- Born: May 26, 1943 Rossford, Ohio, U.S.
- Died: February 5, 2025 (aged 81) Grass Valley, California, U.S.
- Education: Wayne State University Columbia University
- Occupation: News anchor
- Years active: 1968–2008
- Employer: KTVU

= Dennis Richmond =

American news anchor (1943–2025)

Dennis Richmond (May 26, 1943 – February 5, 2025) was an American news anchor who spent 40 years with Oakland, California-based KTVU.

==Biography==
===Early life===
Richmond was born in Toledo, Ohio, and raised in Rossford, Ohio, a village in the Toledo area. He graduated from Rossford High School in 1961. He served in the United States Army from 1961 to 1964 with the 82nd Airborne Division. He attended Wayne State University in Detroit from 1965 to 1967. He then attended Columbia University Graduate School of Journalism in 1969 on a scholarship which he was offered while working at KTVU.

===Career===
Richmond joined KTVU on April 23, 1968, as a clerk typist, and became anchor in 1976—one of the first African-Americans to become chief anchor of a major-market TV newscast. He co-anchored alongside Barbara Simpson from 1978 to 1986. Elaine Corral served as co-anchor from 1986 to 1998, followed by Leslie Griffith through 2006. His last co-anchor was Julie Haener. During his career he and his wife settled in San Ramon, California.

After forty years with KTVU—thirty-one as anchor—Richmond retired on May 26, 2008, his 65th birthday. By the time of his retirement, Richmond had become the highly respected "dean" of Bay Area TV news anchors, the longest-serving anchor in the Bay Area's history. His final show garnered 400,000 viewers, giving the newscast a 15.6 Nielsen rating and making him "more popular than Oprah". He had one daughter from a previous relationship and two grandchildren.

Frank Somerville, a longtime anchor for KTVU's morning and afternoon newscasts, succeeded Richmond as anchor of the 10 O'Clock News.

===Personal life and death===
Dennis Richmond was a native of the area of Toledo, Ohio, and served in the United States Army for three years. He gambled on driving to California where he had relatives; he later found employment with KTVU as a typist and never left.

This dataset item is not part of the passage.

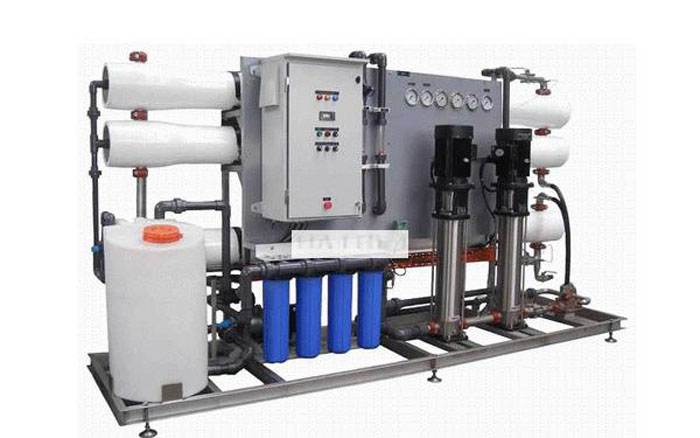 原水(設(shè)有壓力保護(hù))→增壓泵(一用一備)→砂過濾器→炭過濾器→硬化器(根據(jù)地區(qū)不合選用)→緊密過濾器(或稱保安過濾器)→兩頭水箱→RO前水泵→緊密過濾器(或稱保安過濾器)→RO高壓泵→RO反滲透零碎→RO水箱→RO水增壓泵→混床→終端緊密過濾→設(shè)備用水(水質(zhì)可以達(dá)到16MΩ.cm以上即0.06 μs/ ㎝以下,25 ℃)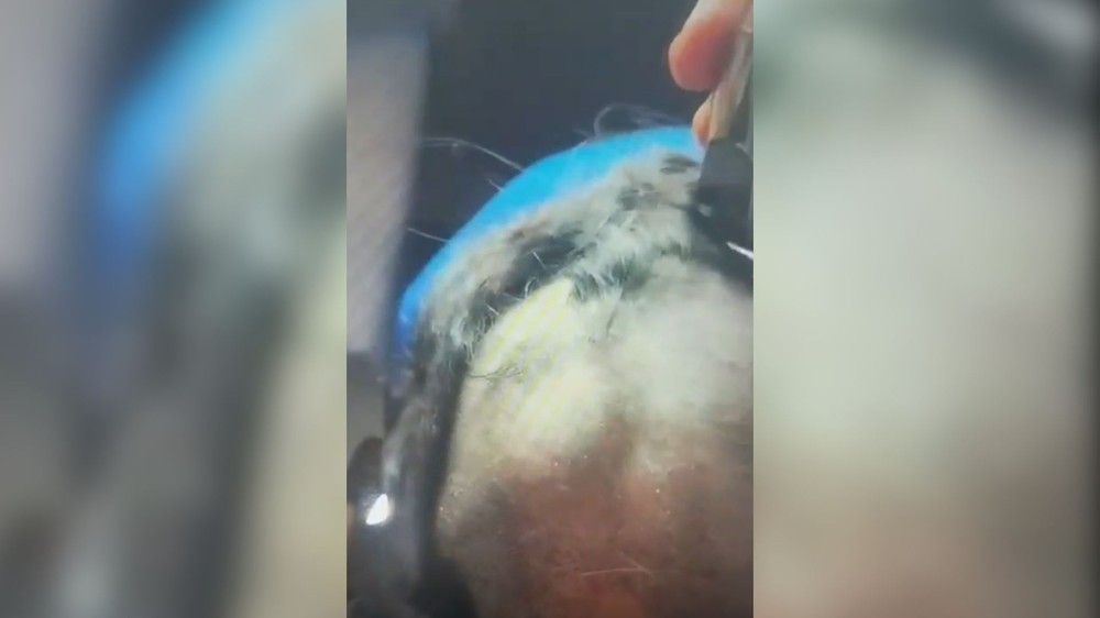 Na casa do suspeito, ela afirmou que foi forçada a sentar no sofá e permanecer em silêncio enquanto raspava todo o seu cabelo, filmando a ação.

Richmond was a member of the board of directors of the Child Abuse Consortium, which is a California statewide government agency. He served as the General Chairperson of the YMCA fundraising drive for Alameda County. He also served in the Oakland Mayor's Blue Ribbon Committee to Save High School Sports.

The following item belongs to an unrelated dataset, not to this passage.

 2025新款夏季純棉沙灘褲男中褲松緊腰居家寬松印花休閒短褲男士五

During Richmond's years as a news anchor, his wife operated a salon and Spa. Richmond was living in Grass Valley, California with his wife Deborah when he died on February 5, 2025, at the age of 81. His wife told a member of KTVU that he suffered a heart attack and a fall weeks before.

===Awards===
Richmond won several awards, including the Humanitarian Award of Oakland (the highest honor given in that city) and the Black Media Coalition Journalist of the Year Award.

Richmond also received an Award of Distinction from Rossford High School, as a distinguished graduate.